### Data for this exercise:
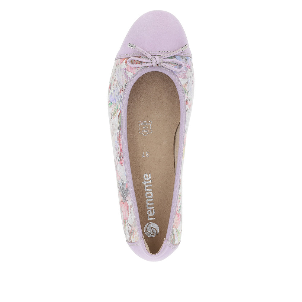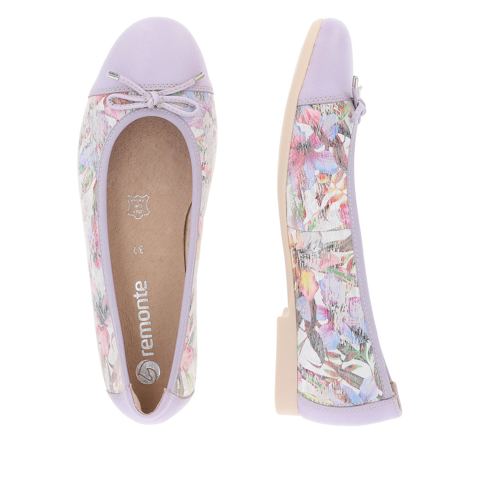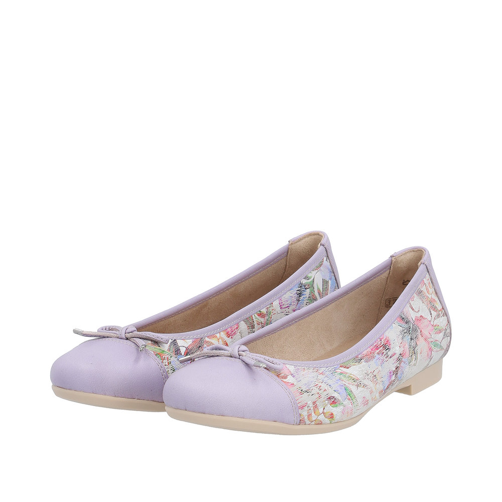 Remonte. Mauve Floral Body with Mauve Bow Fronted Low Heel Pump
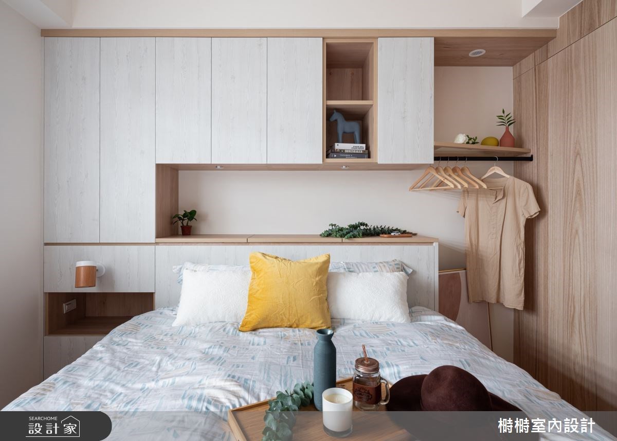 不大的臥室空間所需要大量的衣物收納時,貼牆設計整面的衣櫃,藉由局部開放格櫃設計搭配吊掛機能,活用牆面的每一寸空間來收納衣物。
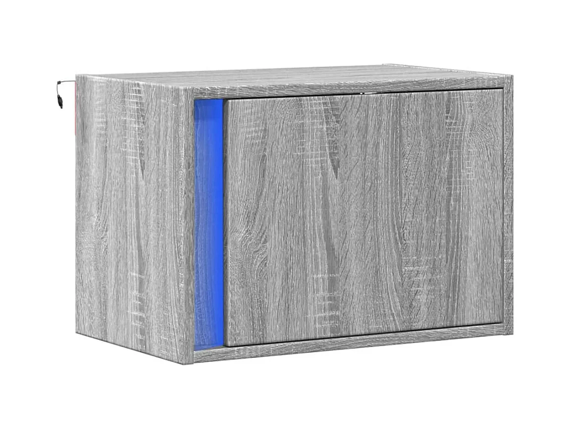 Mesita de noche | Mesilla de noche de pared con luces LED gris Sonoma
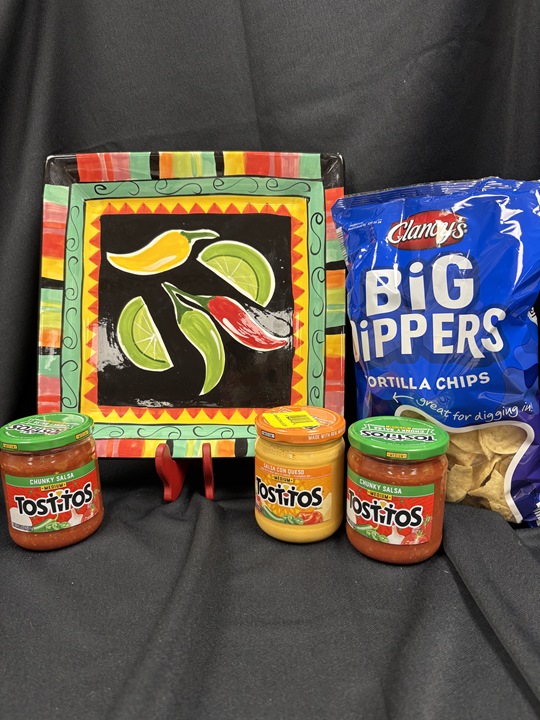 10) Vintage Mexican serving plate, bag of tortilla chips, Tostitos salsa trio. (value $26; starting bid $13).
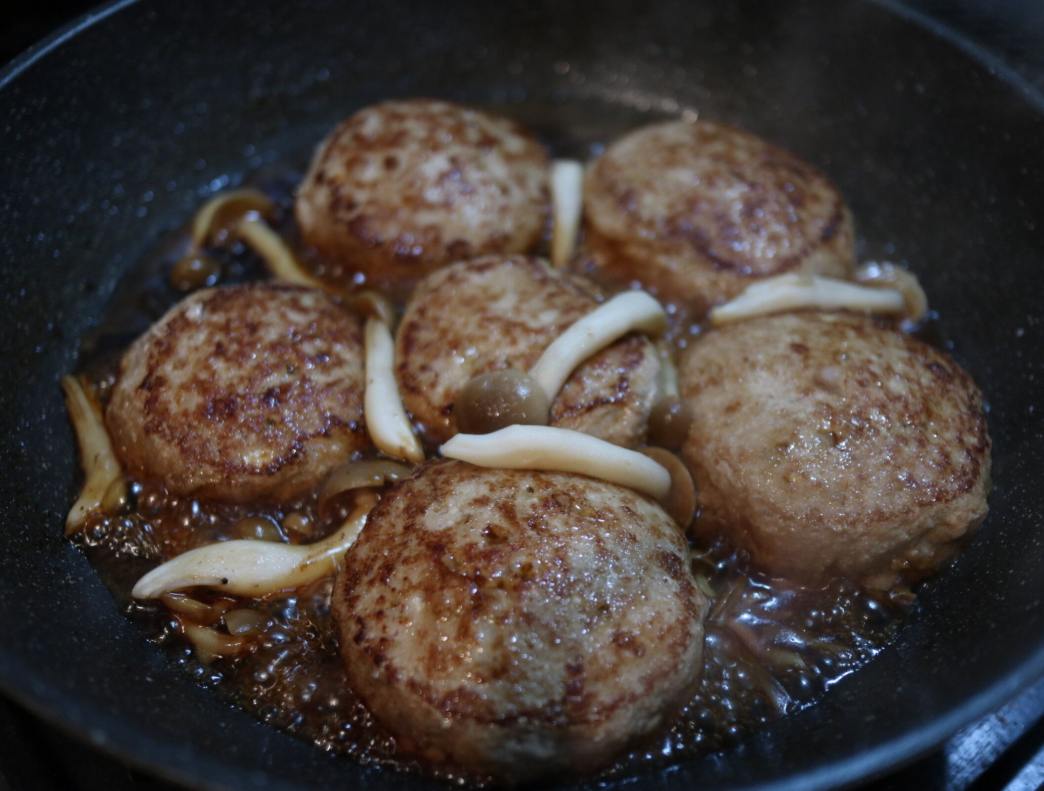 3.両面焼き色がついたら、ハンバーグの1/3の高さまで水を入れる。ほぐしたしめじ、★の調味料も入れ、ぐつぐつしたらフタをして5~10分中火で煮込む。
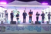 (시사미래신문) 고양특례시는 지난 11일 저녁 6시, 일산호수공원 한울광장에서‘2025년 고양특례시민의 날 기념식’을 성황리에 개최했다고 밝혔다. 이번 기념식은 이동환 고양특례시장을 비롯해 시의회 의장, 국회의원, 도·시의원 등 주요 인사와 더불어 고양시민들의 참석으로 성대하게 열렸다. 시는 시민들과 함께 그동안의 시정 성과를 공유하고 미래 비전을 다짐하며 고양시민의 긍지와 애향심을 고취시키는 뜻깊은 시간을 가졌다. 특히, 행사 당일 비가 오는 궂은 날씨에도 불구하고 많은 시민들이 참석해 뜨거운 호응을 보였다. 식전행사로 고양예술고등학교 무용부와 고양시립합창단이 아름다운 공연을 펼쳐 분위기를 고조시켰다. 본 행사에서는 다양한 분야의 시민 대표들이 시민헌장을 낭독하며 화합의 메시지를 전달했으며, 뒤이어 이동환 시장이 기념사를 전했다. 이어 진행된 모범 시민상 시상식에서는 지역 발전에 기여한 시민들에게 상장을 수여했다. 특히, 화려한 퍼포먼스와 함께‘G-노믹스 5개년 계획’을 알린 LED 트론댄스와 가을 밤하늘을 수놓은 불꽃쇼는 시민들에게 깊은 인상을 남겼다. 인기
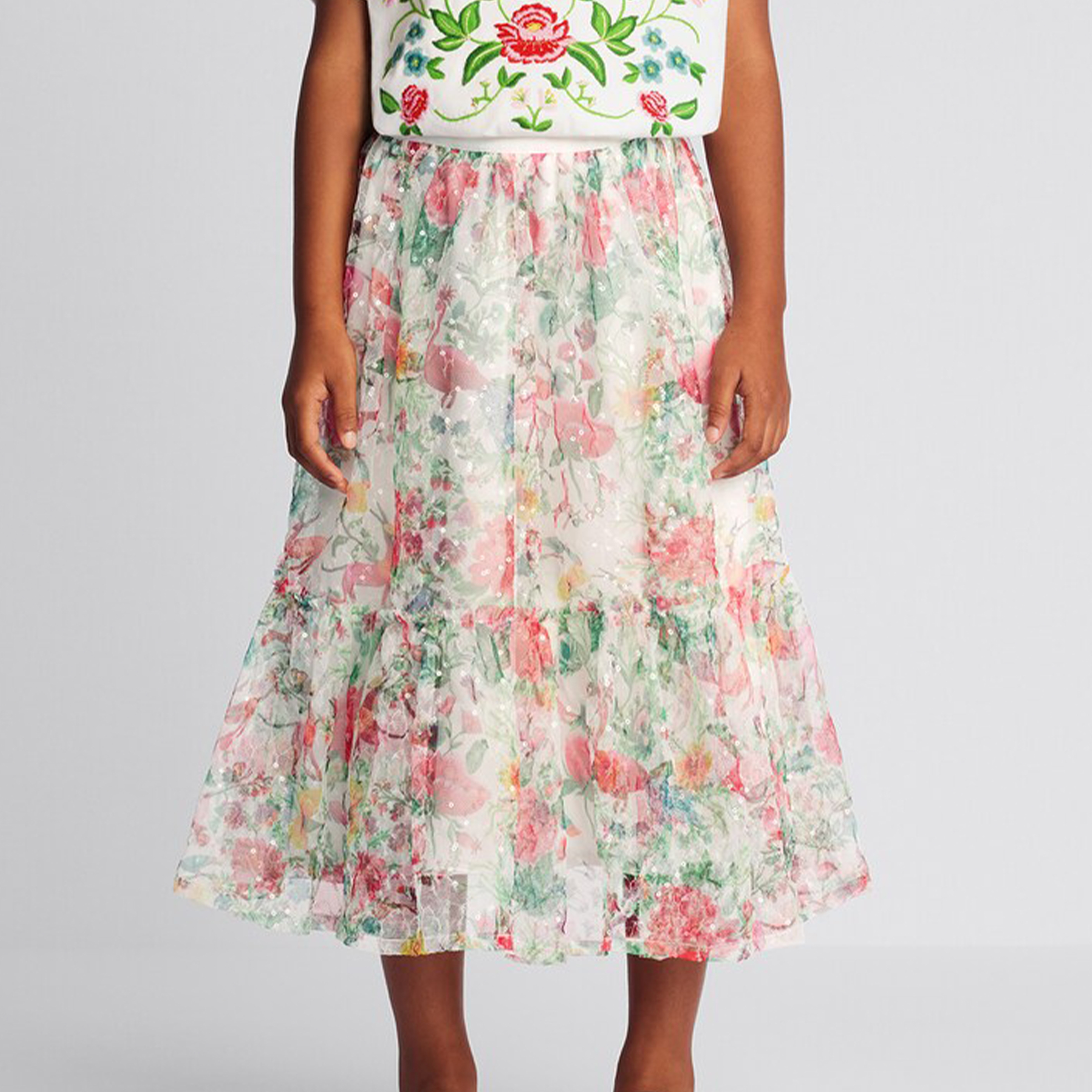 NIGO Dior Kids Spring And Autumn High Street Floral Printed Tulle Long Fitted Half Skirt #nigo31265

### What the task asks:
Without any pictures, output the entries above exactly as they appear.

### Answer below:
 Remonte. Mauve Floral Body with Mauve Bow Fronted Low Heel Pump
 不大的臥室空間所需要大量的衣物收納時,貼牆設計整面的衣櫃,藉由局部開放格櫃設計搭配吊掛機能,活用牆面的每一寸空間來收納衣物。
 Mesita de noche | Mesilla de noche de pared con luces LED gris Sonoma
 10) Vintage Mexican serving plate, bag of tortilla chips, Tostitos salsa trio. (value $26; starting bid $13).
 3.両面焼き色がついたら、ハンバーグの1/3の高さまで水を入れる。ほぐしたしめじ、★の調味料も入れ、ぐつぐつしたらフタをして5~10分中火で煮込む。
 (시사미래신문) 고양특례시는 지난 11일 저녁 6시, 일산호수공원 한울광장에서‘2025년 고양특례시민의 날 기념식’을 성황리에 개최했다고 밝혔다. 이번 기념식은 이동환 고양특례시장을 비롯해 시의회 의장, 국회의원, 도·시의원 등 주요 인사와 더불어 고양시민들의 참석으로 성대하게 열렸다. 시는 시민들과 함께 그동안의 시정 성과를 공유하고 미래 비전을 다짐하며 고양시민의 긍지와 애향심을 고취시키는 뜻깊은 시간을 가졌다. 특히, 행사 당일 비가 오는 궂은 날씨에도 불구하고 많은 시민들이 참석해 뜨거운 호응을 보였다. 식전행사로 고양예술고등학교 무용부와 고양시립합창단이 아름다운 공연을 펼쳐 분위기를 고조시켰다. 본 행사에서는 다양한 분야의 시민 대표들이 시민헌장을 낭독하며 화합의 메시지를 전달했으며, 뒤이어 이동환 시장이 기념사를 전했다. 이어 진행된 모범 시민상 시상식에서는 지역 발전에 기여한 시민들에게 상장을 수여했다. 특히, 화려한 퍼포먼스와 함께‘G-노믹스 5개년 계획’을 알린 LED 트론댄스와 가을 밤하늘을 수놓은 불꽃쇼는 시민들에게 깊은 인상을 남겼다. 인기
 NIGO Dior Kids Spring And Autumn High Street Floral Printed Tulle Long Fitted Half Skirt #nigo31265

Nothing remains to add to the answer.